Task brief: Using the data that follows, give the number of lines in which the word "hallway" occurs. Write only the number.

Data:
────────

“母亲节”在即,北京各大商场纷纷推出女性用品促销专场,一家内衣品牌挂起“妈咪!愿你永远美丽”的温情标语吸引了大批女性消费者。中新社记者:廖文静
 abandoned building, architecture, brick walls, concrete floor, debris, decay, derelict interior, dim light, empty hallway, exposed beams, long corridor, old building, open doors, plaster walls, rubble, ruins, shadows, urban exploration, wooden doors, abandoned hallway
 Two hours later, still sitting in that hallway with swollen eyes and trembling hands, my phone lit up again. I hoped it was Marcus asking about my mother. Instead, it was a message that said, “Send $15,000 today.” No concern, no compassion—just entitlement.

────────

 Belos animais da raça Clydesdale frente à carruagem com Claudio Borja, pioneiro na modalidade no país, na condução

────────

Result of this exercise: 2